■ WHAT IS NEEDED
Exclude pictures and give again exactly the lines of the listing, beginning with its first line and ending with the one that contains "Бельгийский флаг в".

■ STUDY MATERIAL
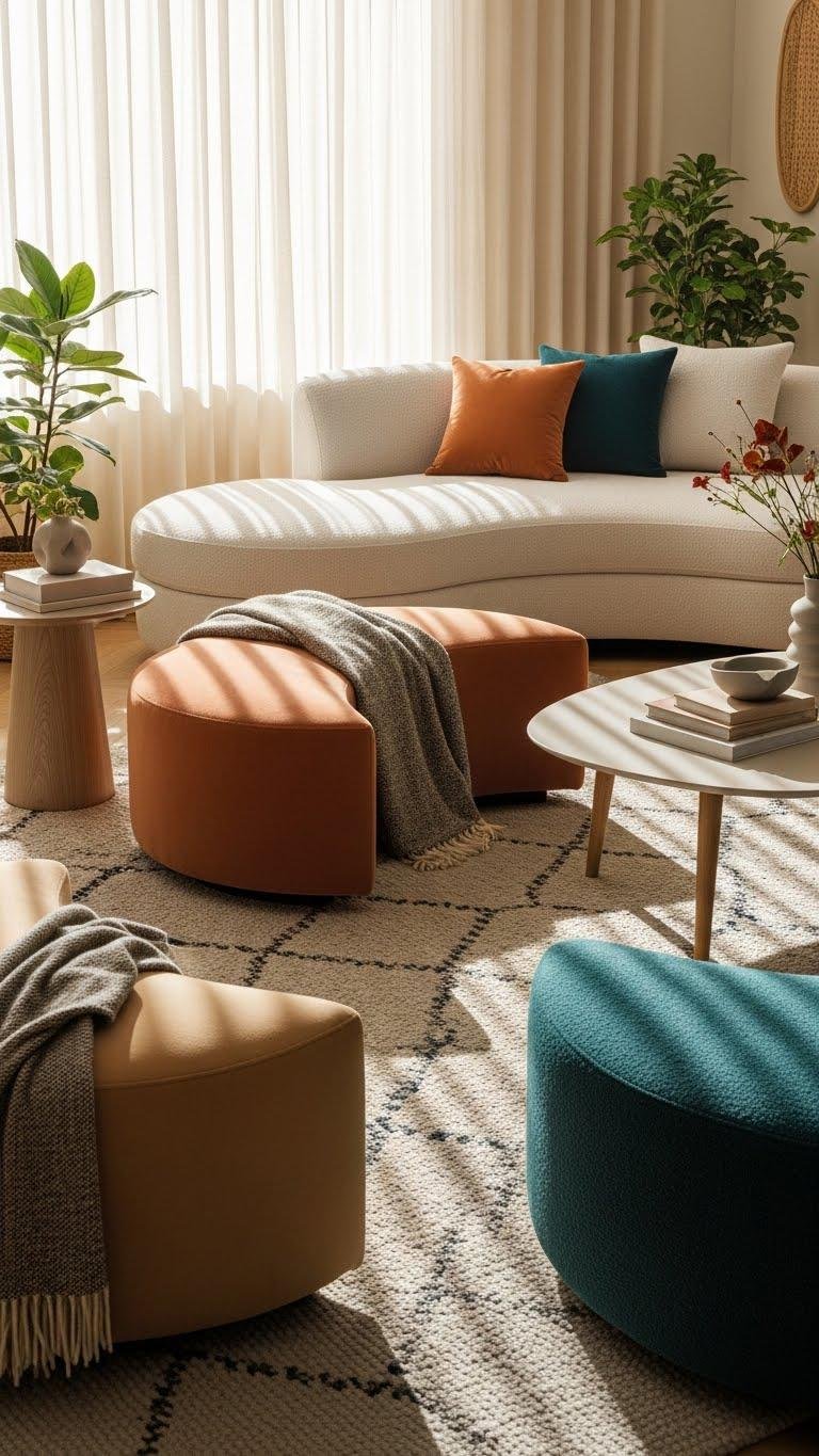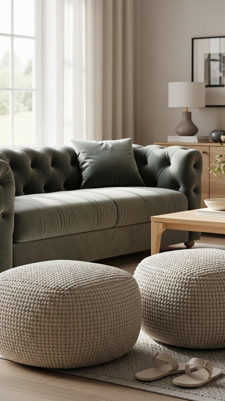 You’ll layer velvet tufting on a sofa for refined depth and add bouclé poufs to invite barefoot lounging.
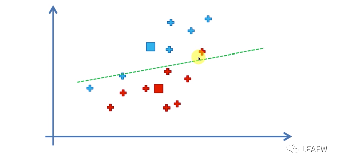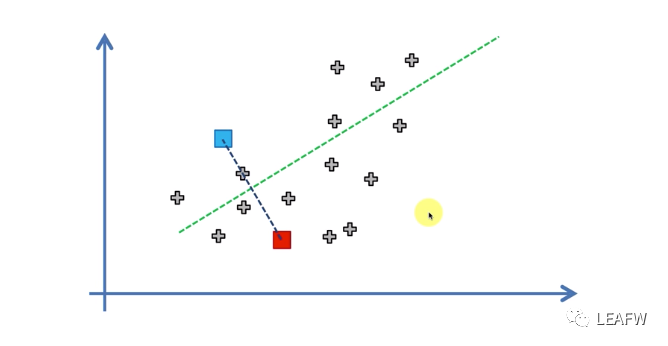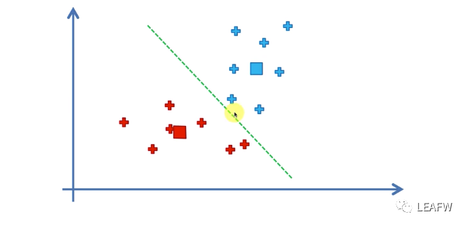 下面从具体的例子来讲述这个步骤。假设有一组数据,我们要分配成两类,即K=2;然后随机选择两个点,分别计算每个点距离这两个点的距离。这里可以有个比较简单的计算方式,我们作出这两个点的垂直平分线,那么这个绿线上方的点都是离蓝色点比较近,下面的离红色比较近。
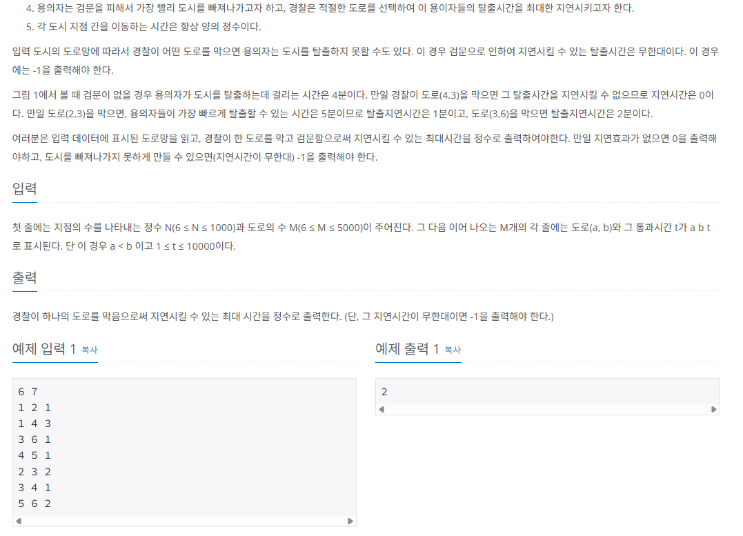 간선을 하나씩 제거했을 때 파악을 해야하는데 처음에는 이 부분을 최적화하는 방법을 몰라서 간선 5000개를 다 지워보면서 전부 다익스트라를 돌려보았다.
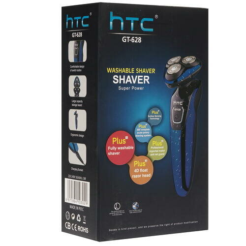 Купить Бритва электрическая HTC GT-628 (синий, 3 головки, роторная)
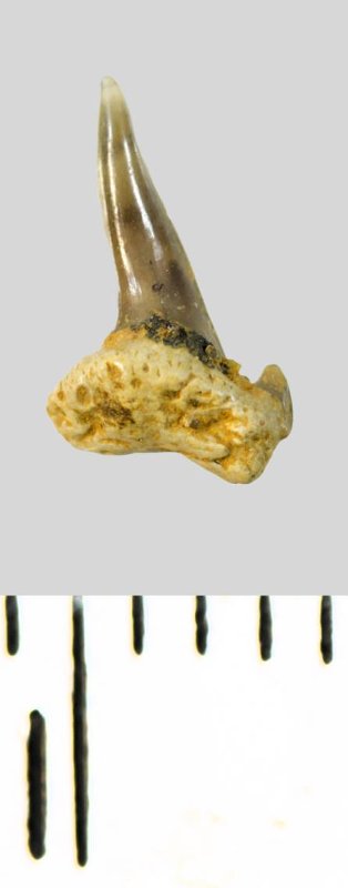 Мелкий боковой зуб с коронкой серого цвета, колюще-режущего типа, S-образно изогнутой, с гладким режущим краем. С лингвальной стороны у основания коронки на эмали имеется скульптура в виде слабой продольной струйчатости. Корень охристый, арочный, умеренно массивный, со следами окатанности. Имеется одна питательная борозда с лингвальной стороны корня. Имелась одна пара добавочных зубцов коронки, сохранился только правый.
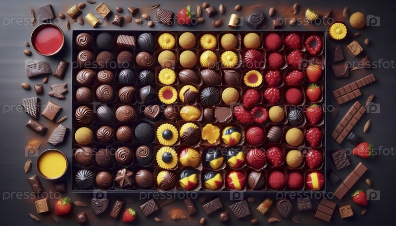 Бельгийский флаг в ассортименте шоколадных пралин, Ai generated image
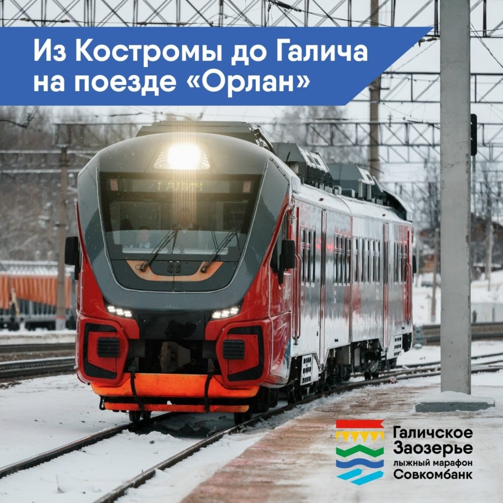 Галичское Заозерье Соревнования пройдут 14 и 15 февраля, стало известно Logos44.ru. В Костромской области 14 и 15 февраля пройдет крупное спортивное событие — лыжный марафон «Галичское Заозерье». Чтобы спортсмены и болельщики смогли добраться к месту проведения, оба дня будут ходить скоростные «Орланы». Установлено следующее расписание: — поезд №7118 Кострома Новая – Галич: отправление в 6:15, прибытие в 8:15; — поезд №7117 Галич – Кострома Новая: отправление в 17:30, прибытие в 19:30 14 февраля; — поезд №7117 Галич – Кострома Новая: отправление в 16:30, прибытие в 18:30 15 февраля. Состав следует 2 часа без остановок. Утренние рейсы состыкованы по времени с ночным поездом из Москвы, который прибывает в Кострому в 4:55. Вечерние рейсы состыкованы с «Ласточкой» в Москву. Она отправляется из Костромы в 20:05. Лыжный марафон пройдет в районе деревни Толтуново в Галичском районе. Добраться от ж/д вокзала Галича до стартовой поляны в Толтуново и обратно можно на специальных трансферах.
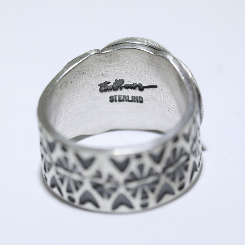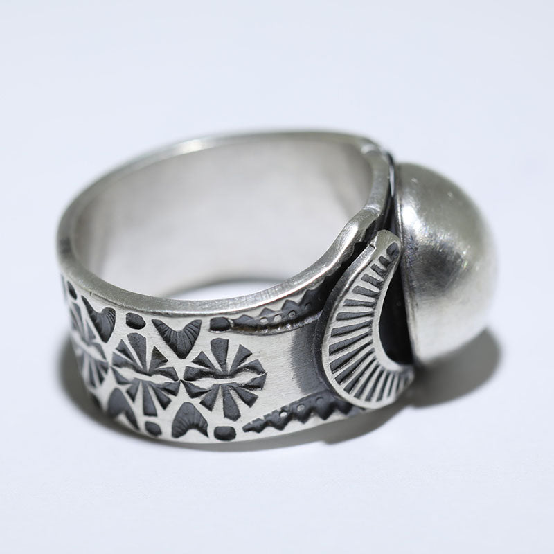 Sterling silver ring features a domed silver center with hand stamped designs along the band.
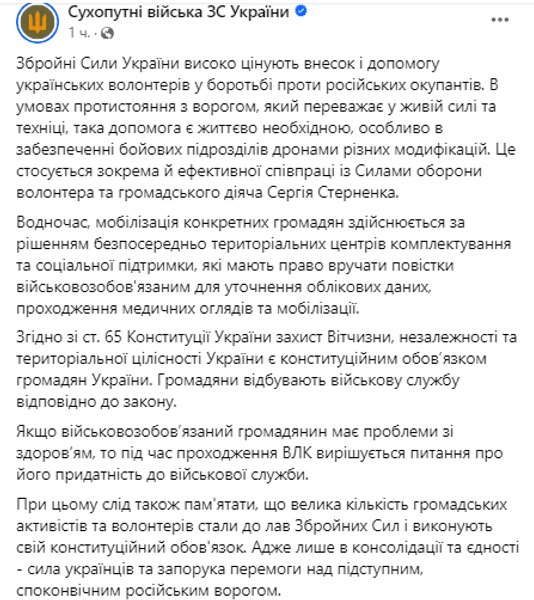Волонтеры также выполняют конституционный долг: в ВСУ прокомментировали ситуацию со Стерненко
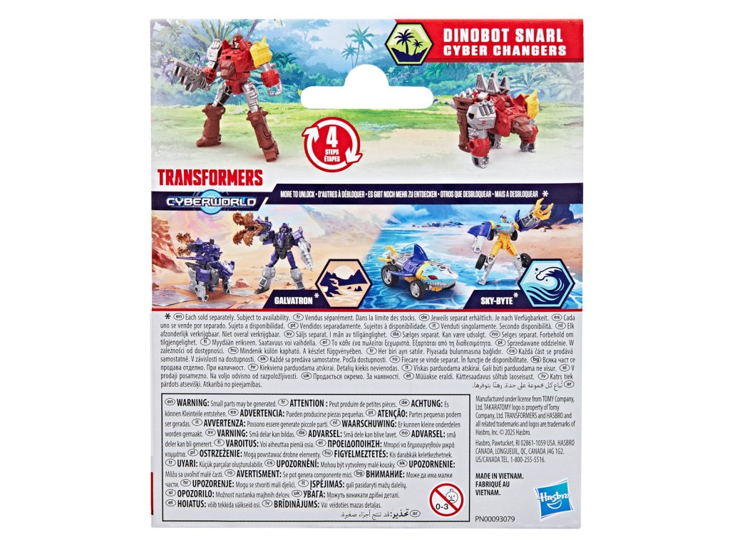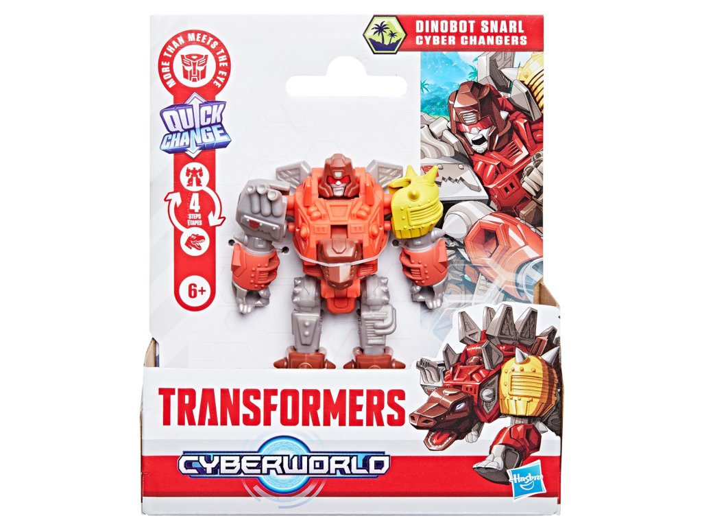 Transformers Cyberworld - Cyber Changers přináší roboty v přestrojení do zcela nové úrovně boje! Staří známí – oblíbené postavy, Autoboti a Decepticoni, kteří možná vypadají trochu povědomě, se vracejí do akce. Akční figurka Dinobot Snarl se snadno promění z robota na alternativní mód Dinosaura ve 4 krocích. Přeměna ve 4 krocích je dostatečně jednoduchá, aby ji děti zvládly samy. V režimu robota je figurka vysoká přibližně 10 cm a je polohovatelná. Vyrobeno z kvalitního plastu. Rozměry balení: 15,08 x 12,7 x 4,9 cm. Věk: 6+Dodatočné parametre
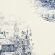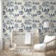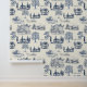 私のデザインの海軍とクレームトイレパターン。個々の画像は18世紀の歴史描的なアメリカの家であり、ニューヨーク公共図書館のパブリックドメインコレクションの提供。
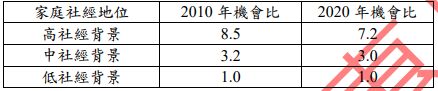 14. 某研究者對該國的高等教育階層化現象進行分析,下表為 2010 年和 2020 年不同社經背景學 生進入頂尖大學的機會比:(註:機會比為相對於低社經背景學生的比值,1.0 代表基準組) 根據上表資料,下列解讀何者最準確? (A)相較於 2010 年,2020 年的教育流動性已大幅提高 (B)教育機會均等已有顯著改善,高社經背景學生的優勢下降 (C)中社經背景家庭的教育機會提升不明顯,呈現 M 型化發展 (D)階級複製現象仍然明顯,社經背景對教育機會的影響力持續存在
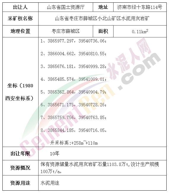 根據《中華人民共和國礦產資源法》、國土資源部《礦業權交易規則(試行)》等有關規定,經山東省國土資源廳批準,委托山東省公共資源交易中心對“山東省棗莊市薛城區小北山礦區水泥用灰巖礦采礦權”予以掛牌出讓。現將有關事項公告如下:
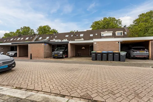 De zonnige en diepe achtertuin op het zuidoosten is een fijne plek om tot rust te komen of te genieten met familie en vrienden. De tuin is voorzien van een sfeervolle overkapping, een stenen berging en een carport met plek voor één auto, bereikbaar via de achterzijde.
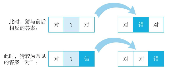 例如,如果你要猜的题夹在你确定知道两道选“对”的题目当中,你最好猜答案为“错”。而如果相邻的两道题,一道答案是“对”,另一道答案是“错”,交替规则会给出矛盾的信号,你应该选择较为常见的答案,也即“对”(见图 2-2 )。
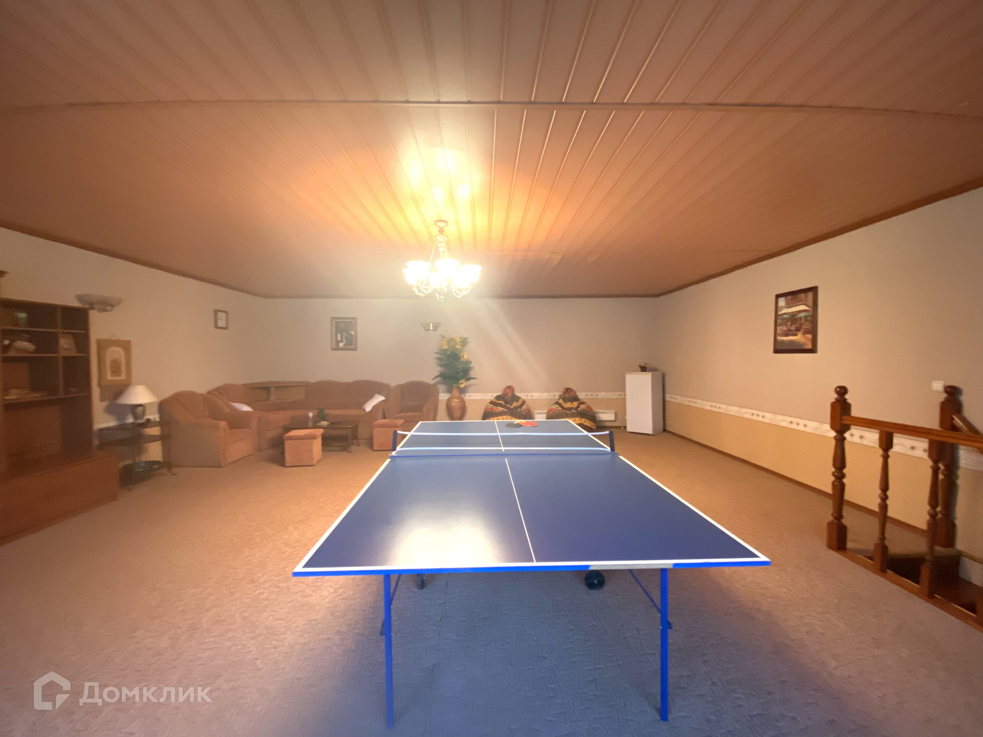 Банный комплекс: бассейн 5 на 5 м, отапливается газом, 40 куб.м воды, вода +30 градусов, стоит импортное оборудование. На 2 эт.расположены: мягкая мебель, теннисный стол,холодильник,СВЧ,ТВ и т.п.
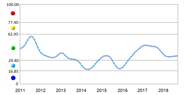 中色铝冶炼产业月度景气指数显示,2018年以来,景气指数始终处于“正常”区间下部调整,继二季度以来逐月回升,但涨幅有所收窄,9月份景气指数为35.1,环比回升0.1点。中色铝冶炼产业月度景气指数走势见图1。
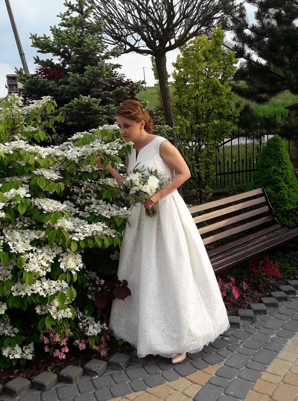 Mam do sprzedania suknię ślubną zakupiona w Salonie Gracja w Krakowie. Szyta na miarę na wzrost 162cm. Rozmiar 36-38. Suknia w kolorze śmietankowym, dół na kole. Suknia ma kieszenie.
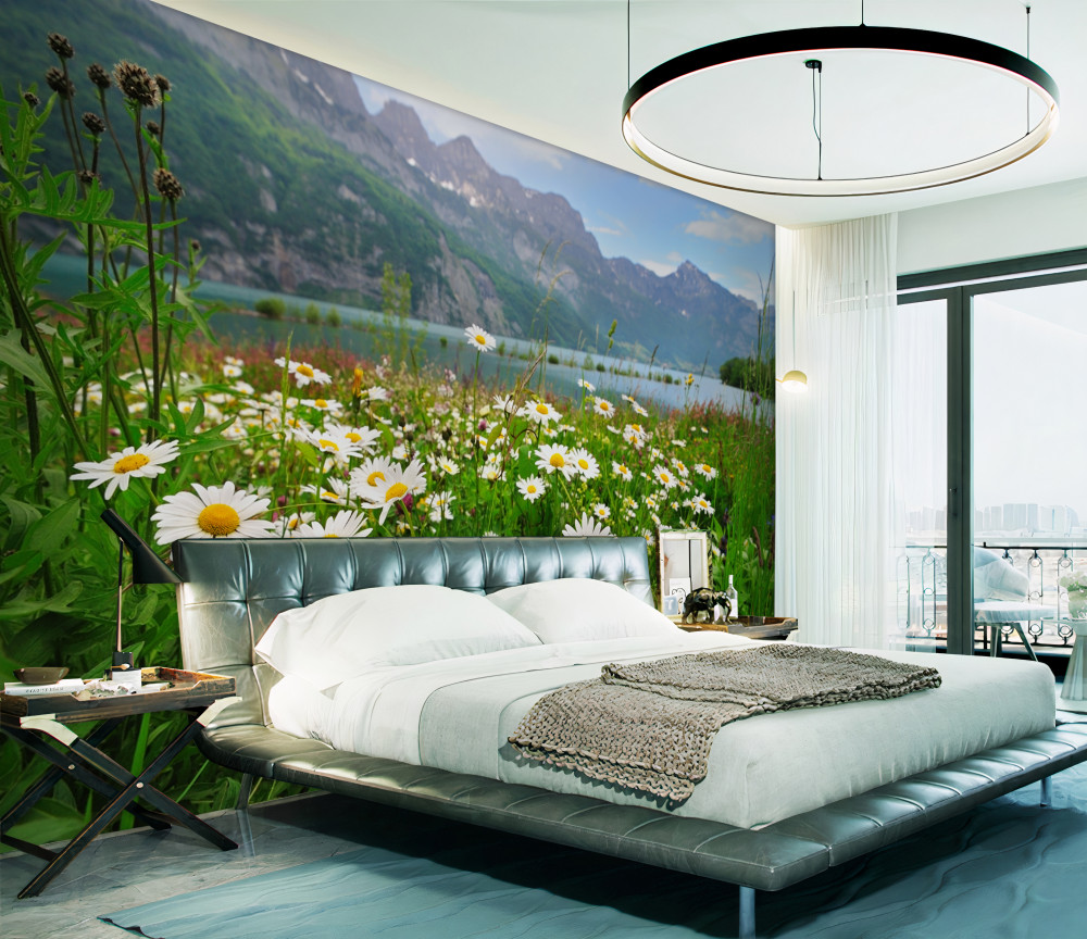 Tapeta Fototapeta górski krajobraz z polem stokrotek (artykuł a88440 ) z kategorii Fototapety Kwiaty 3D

■ EXPECTED ANSWER
 You’ll layer velvet tufting on a sofa for refined depth and add bouclé poufs to invite barefoot lounging.
 下面从具体的例子来讲述这个步骤。假设有一组数据,我们要分配成两类,即K=2;然后随机选择两个点,分别计算每个点距离这两个点的距离。这里可以有个比较简单的计算方式,我们作出这两个点的垂直平分线,那么这个绿线上方的点都是离蓝色点比较近,下面的离红色比较近。
 간선을 하나씩 제거했을 때 파악을 해야하는데 처음에는 이 부분을 최적화하는 방법을 몰라서 간선 5000개를 다 지워보면서 전부 다익스트라를 돌려보았다.
 Купить Бритва электрическая HTC GT-628 (синий, 3 головки, роторная)
 Мелкий боковой зуб с коронкой серого цвета, колюще-режущего типа, S-образно изогнутой, с гладким режущим краем. С лингвальной стороны у основания коронки на эмали имеется скульптура в виде слабой продольной струйчатости. Корень охристый, арочный, умеренно массивный, со следами окатанности. Имеется одна питательная борозда с лингвальной стороны корня. Имелась одна пара добавочных зубцов коронки, сохранился только правый.
 Бельгийский флаг в ассортименте шоколадных пралин, Ai generated image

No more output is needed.